Cost of hydrogen production drives regional technology selections:
The cost to produce hydrogen varies from region to region around the globe and has a profound impact on the types of technologies employed and market participation. For example, the cost of hydrogen in China out of a steam methane reformer (SMR) is approximately $2,000/t compared to $750/t in the Middle East. As a result, China drives crude oil to aromatics projects; when they search for olefins projects, they end up importing propane (effectively as a hydrogen source) to feed their propane dehydrogenation units.
Lower energy prices result in a cost advantage for producing light olefins in the US, the Middle East, and places that have a similar cost structure, while places that have a high hydrogen cost structure (China, SEA, India) are looking more towards aromatics production and/or imported feedstocks.
How does this impact the ways in which we try to improve carbon efficiencies and operations costs? It means there is a huge argument for capturing the hydrogen that refiners have already made.
Capturing stray hydrogen:
A survey of operating sites showed that many facilities operate in the range of 30-50 mol% H2 in their fuel gas headers; some even higher. This is due in large part to solution losses. The higher the operating pressure of a unit, such as a hydrocracker, the higher the solution and purge losses into the fuel gas. If one assumes 30 mol% H2 in the fuel gas in a region with a (low) cost of $5 per million BTUs with no CO2 credit, you can see that hydrogen recovery can lead to a 12% IRR). If the hydrogen content in the fuel gas is 50 mol% at the same cost of $5, you see an IRR of 26% by recovering this grey hydrogen that is otherwise lost to fuel.

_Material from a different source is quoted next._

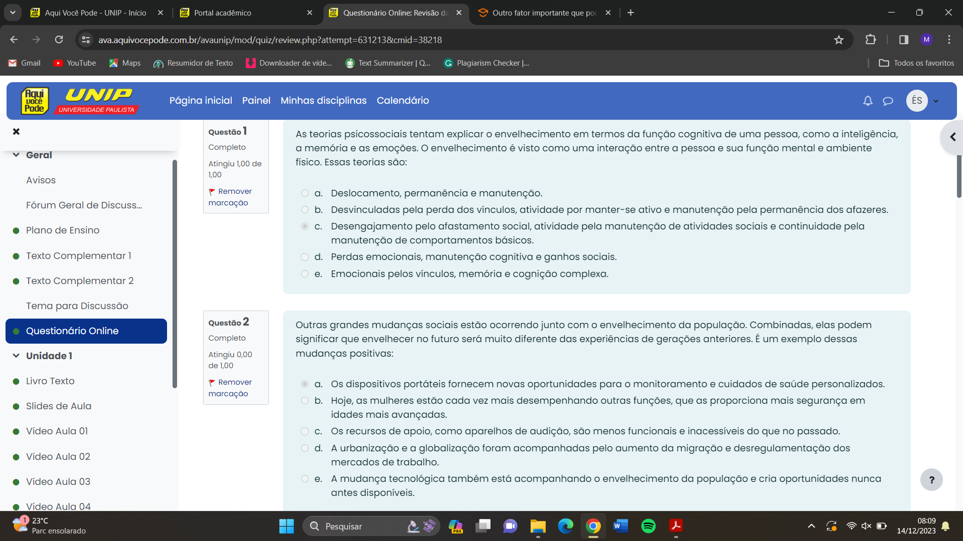 <p>Aqui Você Pode - UNIP - Início Portal acadêmico Questionário Online: Revisão da x Outro fator importante que po + - X M Gmail YouTube Maps Resumidor de Texto Downloader de víde... Text Summarizer Plagiarism Checker |... Todos os favoritos Aqui UNIP voce Página inicial Painel Minhas disciplinas Calendário ÉS Pode UNIVERSIDADE PAULISTA Questão 1 As teorias psicossociais tentam explicar envelhecimento em termos da função cognitiva de uma pessoa, como a inteligência, Completo a memória e as emoções. envelhecimento é visto como uma interação entre a pessoa e sua função mental e ambiente Geral Atingiu 1,00 de físico. Essas teorias são: 1,00 Avisos Remover a. Deslocamento, permanência e manutenção. Fórum Geral de Discuss... marcação b. Desvinculadas pela perda dos vínculos, atividade por manter-se ativo e manutenção pela permanência dos afazeres. Plano de Ensino C. Desengajamento pelo afastamento social, atividade pela manutenção de atividades sociais e continuidade pela manutenção de comportamentos básicos. Texto Complementar 1 d. Perdas emocionais, manutenção cognitiva e ganhos sociais. e. Emocionais pelos vínculos, memória e cognição complexa. Texto Complementar 2 Tema para Discussão Questão 2 Outras grandes mudanças sociais estão ocorrendo junto com o envelhecimento da população. Combinadas, elas podem Questionário Online Completo significar que envelhecer no futuro será muito diferente das experiências de gerações anteriores. É um exemplo dessas Unidade 1 Atingiu 0,00 mudanças positivas: de 1,00 Livro Texto Remover a. Os dispositivos portáteis fornecem novas oportunidades para o monitoramento e cuidados de saúde personalizados. marcação Slides de Aulo b. Hoje, as mulheres estão cada vez mais desempenhando outras funções, que as proporciona mais segurança em idades mais avançadas. Vídeo Aula 01 C. Os recursos de apoio, como aparelhos de audição, são menos funcionais e inacessíveis do que no passado. d. A urbanização e a globalização foram acompanhadas pelo aumento da migração e desregulamentação dos Vídeo Aula 02 mercados de trabalho. Vídeo Aula 03 e. A mudança tecnológica também está acompanhando envelhecimento da população e cria oportunidades nunca ? antes disponíveis. Vídeo Aula 04 23°C 08:09 Parc ensolarado Q Pesquisar 14/12/2023</p>

When you move to Europe and Asia, where you typically see fuel costs closer to $20 per million BTUs, you start to see IRRs in the range of 69-73%, depending on the amount of CO2 credit available. In a typical 100K b/d refinery, the investment to recover the hydrogen you have already made is $15- $18M. The chemical value of the hydrogen so far exceeds the fuel value of the hydrogen. It is clearly worth recovering, given the IRRs previously discussed.
Reducing emissions through carbon capture:
Another way firms can reduce emissions is to implement carbon capture, sequestration, and utilization. To address CO2 capture, Honeywell UOP offers an Advanced Solvent for Carbon Capture (ASCC) system.

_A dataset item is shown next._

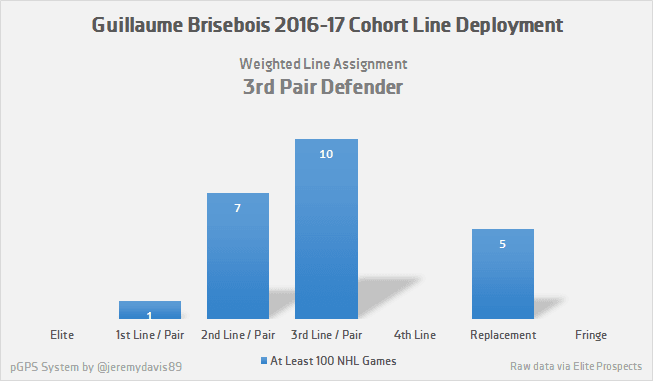 The analytics-vs.-eye-test trope is such a tired one that it feels lazy to cite it, but Brisebois is exactly the type of player that magnifies the divide between “hockey men” and the pocket-protector crowd. What sets him apart from the type of players that usually cause this rift, however, is that he isn’t particularly mean or physical. In fact, in some ways, he’s the type of player that’s often overlooked by the mainstream at the NHL level. For whatever it’s worth, Chris Tanev is frequently cited as a player comparable, and he’s not exactly a bruiser.

An advanced solvent allows for a higher mass transfer rate, which enables regeneration at a higher pressure, delivering CO2 at 5-6 bar(g) instead of just 1 bar(g). As a result, the unit is smaller for lower Capex, while the higher pressure substantially reduces Opex – up to $10-15 per tonne captured.
Adding an advanced solvent for carbon capture to the four key stacks in a refinery that produce 93% of the CO2 emissions for the entire complex, we were able to reduce net CO2 by 81%. The economics behind CCUS are dramatically impacted by government policy. It is important to understand the regional tax benefits, carbon credits, and traded carbon market values associated with carbon capture.
Another way to improve the CO2 footprint for many refiners is to bury the petroleum coke (petcoke) produced rather than reselling it as a high-carbon fuel. Petcoke traditionally competes with coal in the fuel market. In a decarbonizing world, governments will set coal policy. Refiners can only impact what they control, and that is the decision of whether to sell petcoke as a fuel, or to sequester that carbon in solid form. This avoids the high Scope 3 CO2 footprint created when the eventual end user burns it and has a net cost of CO2 avoidance of $10-40 per tonne.
Pivoting from refined fuel products toward petrochemicals:
Finally, an effective strategy to increase the internal rate of return of a facility and reduce Scope 3 emissions is to consider a pivot from refined fuel products toward petrochemicals. It is not a question of immediately and forever getting out of fuels; it is simply considering a migration across time that may align with the business plan of your firm.
The production of petrochemicals centres around the mixed feed steam cracker, or naphtha cracker, commonly the heart of an integrated facility’s operation. One can feed a broad range of hydrocarbons into a steam cracker, with the preferred output being ethylene. All other products, while useful, are not the primary aim of this process. In fact, while heavier products (propylene, butadiene, benzene, and mixed aromatics) have some potentially attractive market value, there are much more efficient and clean ways of achieving those particular products. Recall the discussion on molecular precision and management. The least useful products, fuel gas and pyrolysis oil (pyoil), are generally to be avoided.
Conclusion:
Today’s refiners can achieve bankable, ESG-aligned goals by managing feedstocks to meet their target product objectives. As an industry, we must start thinking and acting differently to survive in a decarbonising world across the energy transition. Through efficient use of molecular precision across an entire integrated refining and petrochemical operation, leveraging the economic value of CO2, operating firms can create the best roadmap to meet their changing objectives and become the refinery of the future today.